## Problem
Where does the string "PARK" occur in the records? Copy each line that holds it.

## Entries taken from a collection

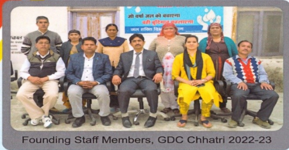
Founding Staff Members, GDC Chhatri 2022-23
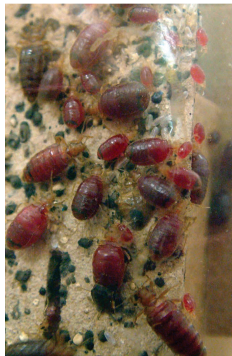
Fed bed bugs

The lifecycle data presented in this publication is based on research conducted using bed bugs collected from apartments within the state of Virginia. These populations have documented resistance to pyrethroid insecticides. Laboratory studies have indicated that resistant bed bugs have a shorter developmental time (several days), shorter life spans and lower levels of egg production than bed bugs that are not resistant to insecticides. At the time of this writing, practically all "natural" bed bug populations collected in Virginia have been found to be at least somewhat resistant to pyrethroid insecticides.
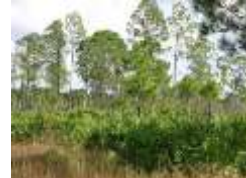
Telegraph Creek Preserve
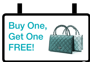
48" Digital Indoor Signage Display
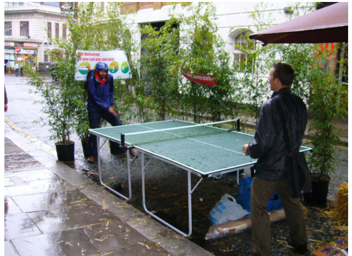
Rain or shine, PARK(ing) Day brings creativity to city streets.

While participating individuals and organizations operate independently, they do follow a set of established guidelines. Newcomers can pick up the PARK(ing) Day Manifesto , which covers the basic principles and includes a how-to implementation guide.
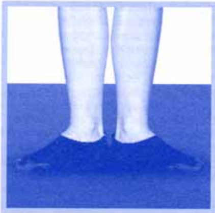
1st position *
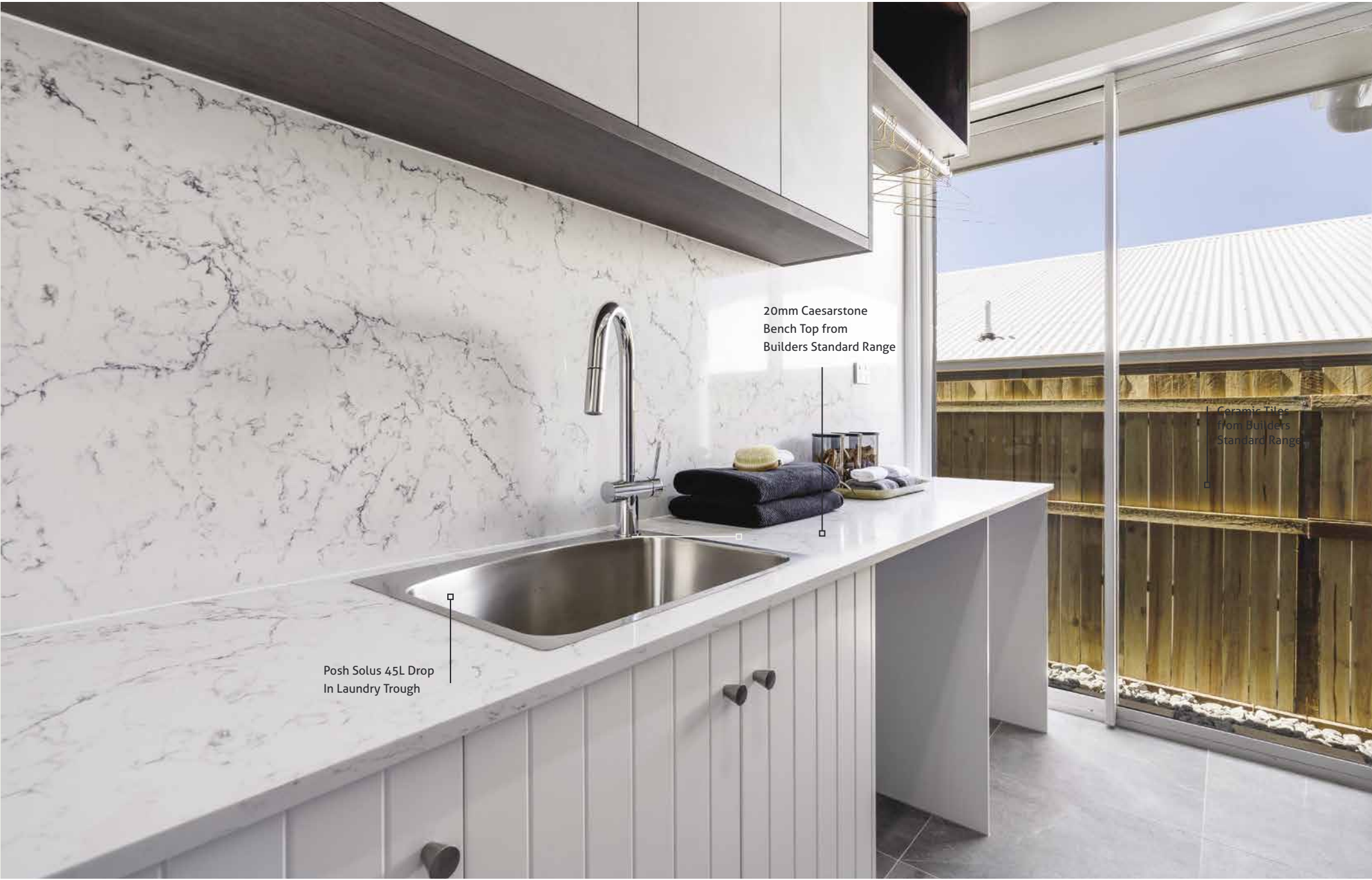
20mm Caesarstone Bench Top from Builders Standard Range
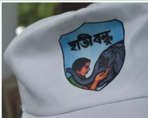
Hati bondhu cap logo

## Reply
Rain or shine, PARK(ing) Day brings creativity to city streets.
While participating individuals and organizations operate independently, they do follow a set of established guidelines. Newcomers can pick up the PARK(ing) Day Manifesto , which covers the basic principles and includes a how-to implementation guide.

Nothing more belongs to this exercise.